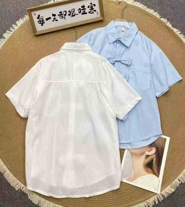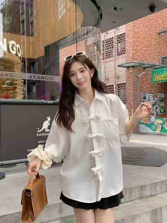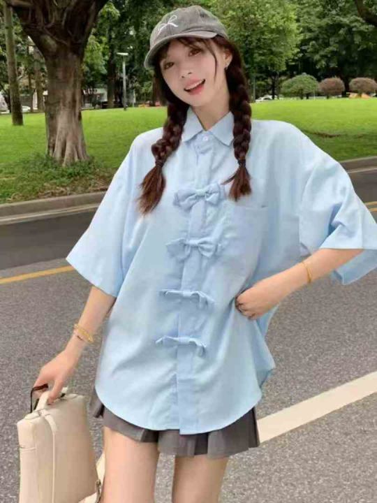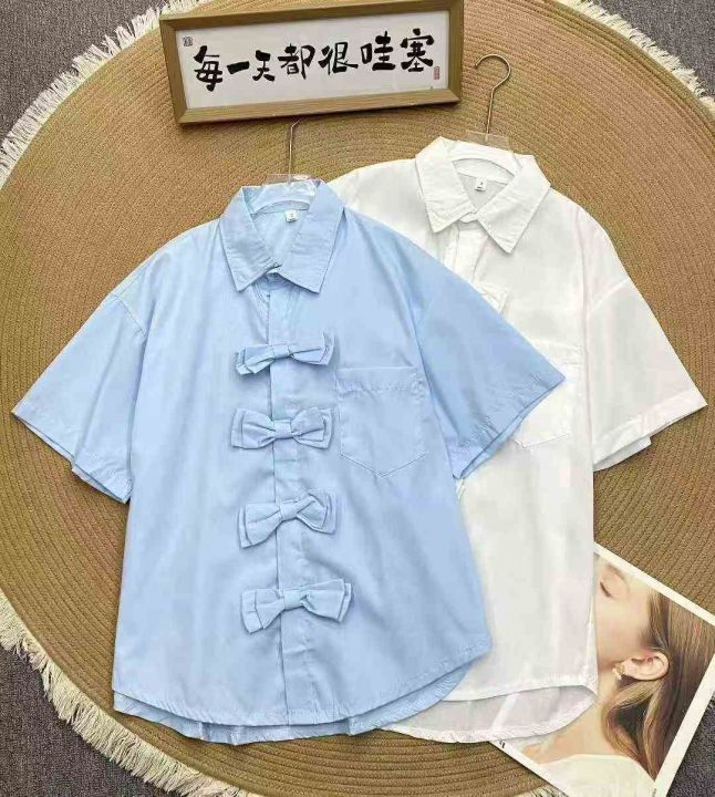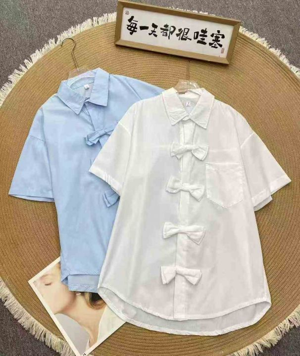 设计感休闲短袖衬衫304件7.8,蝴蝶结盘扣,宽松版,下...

- - - - - - -

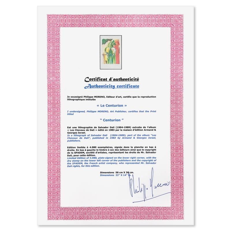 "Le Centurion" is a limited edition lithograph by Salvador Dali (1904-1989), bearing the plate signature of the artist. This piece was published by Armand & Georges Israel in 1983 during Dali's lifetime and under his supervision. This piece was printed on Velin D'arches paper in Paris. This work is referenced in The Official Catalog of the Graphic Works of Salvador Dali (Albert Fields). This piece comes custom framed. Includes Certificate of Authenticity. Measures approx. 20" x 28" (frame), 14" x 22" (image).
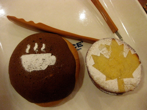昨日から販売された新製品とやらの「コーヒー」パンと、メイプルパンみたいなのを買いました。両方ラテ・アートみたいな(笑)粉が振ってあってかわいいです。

- - - - - - -

Of the lines above, quote exactly those from the one with "is a limited" through the one with "昨日から販売された新製品とや", ends included; pictures stay out.

 "Le Centurion" is a limited edition lithograph by Salvador Dali (1904-1989), bearing the plate signature of the artist. This piece was published by Armand & Georges Israel in 1983 during Dali's lifetime and under his supervision. This piece was printed on Velin D'arches paper in Paris. This work is referenced in The Official Catalog of the Graphic Works of Salvador Dali (Albert Fields). This piece comes custom framed. Includes Certificate of Authenticity. Measures approx. 20" x 28" (frame), 14" x 22" (image).
昨日から販売された新製品とやらの「コーヒー」パンと、メイプルパンみたいなのを買いました。両方ラテ・アートみたいな(笑)粉が振ってあってかわいいです。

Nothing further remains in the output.